Nas últimas décadas, o Arquivo Nacional, principal instituição arquivística, brasileira, desenvolveu uma série de parcerias com entidades nacionais e internacionais e se constituiu em principal referência para a salvaguarda da documentação histórica do país. Os diversos projetos de cooperação, tais como o Programa Memória do Mundo e o Centro de Referência das Lutas Políticas Memórias Reveladas, são apenas algumas, de suas bem sucedidas iniciativas, reconhecidas no meio acadêmico e na sociedade civil. Ademais, o Arquivo Nacional atua como órgão central de um dos nove sistemas estruturantes da Administração Pública Federal, o Sistema de Gestão de Documentos de Arquivo (SIGA), além de ter a incumbência de acompanhar e implementar a Política Nacional de Arquivos, conforme definida pelo Conselho Nacional de Arquivos (CONARQ).

Para que essa trajetória se consolide e avance, é fundamental que a escolha do gestor de tão importante instituição, responsável pelas políticas arquivísticas do Brasil, no que concerne à gestão, preservação e ao acesso aos documentos, paute-se unicamente pela competência e experiência, de modo a assegurar a manutenção e a ampliação das políticas de interesse público e a reafirmação de seus compromissos com a sociedade brasileira.

Diferentes matérias na imprensa e a própria ação do MPF nos levam a questionar atitudes da atual direção que contrariam o conceito de Estado Laico e que podem ameaçar o bom funcionamento do Arquivo Nacional como órgão do Estado, fundamentado nos princípios de laicidade e equanimidade que se exige de um órgão público.

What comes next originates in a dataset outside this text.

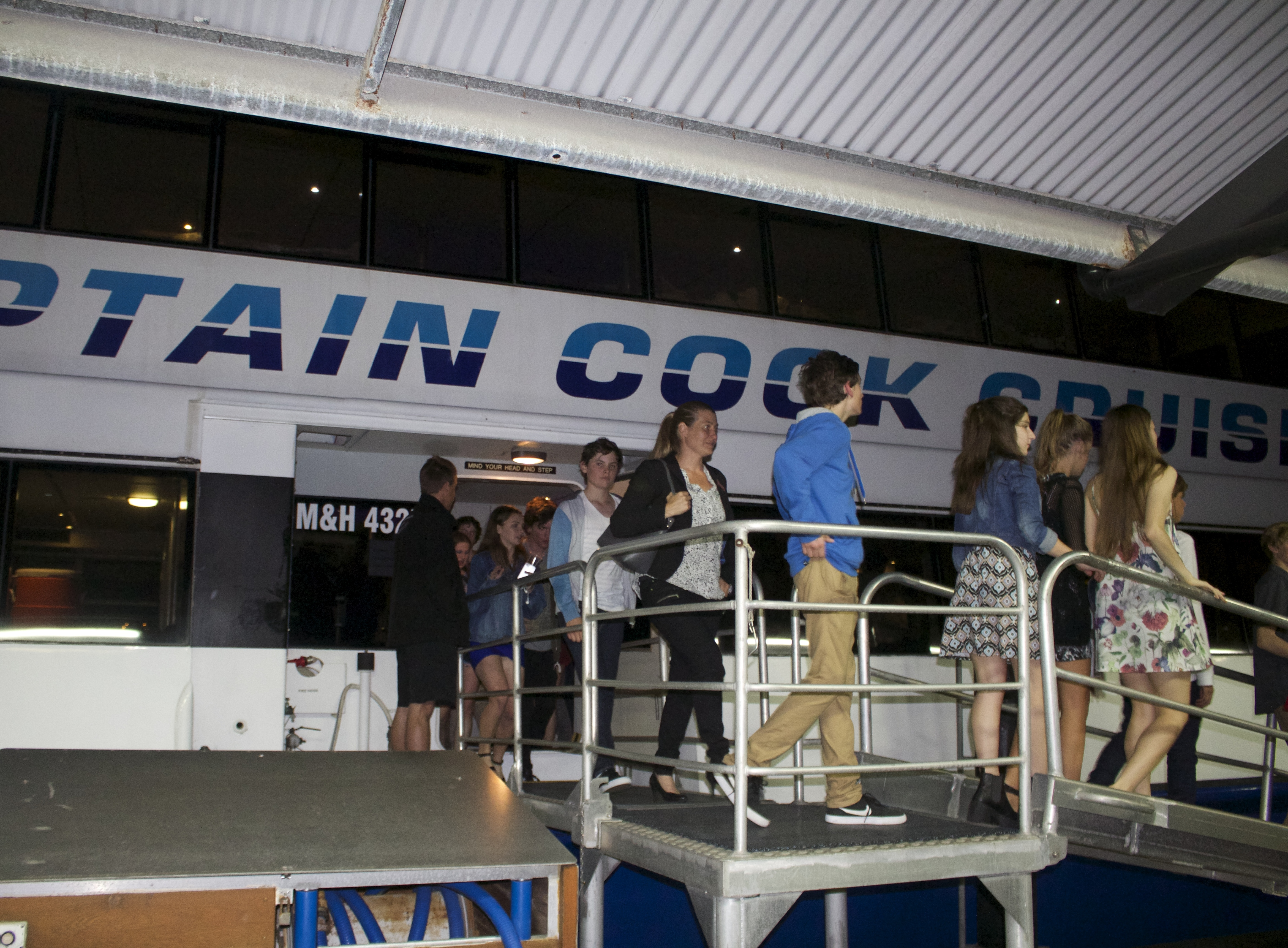 Passengers disembarking from Captain River Cruises after a party held in the cruise.

A Associação Nacional de História (ANPUH), que tem entre seus objetivos a proteção, aperfeiçoamento, fomento, estímulo e desenvolvimento do ensino e da pesquisa da História, em seus diversos níveis, e das demais atividades relacionadas ao ofício do historiador, reitera a importância da escolha de quadros altamente especializados na gestão de instituições públicas, como é o caso do Arquivo Nacional, de forma a atender todos esses requisitos.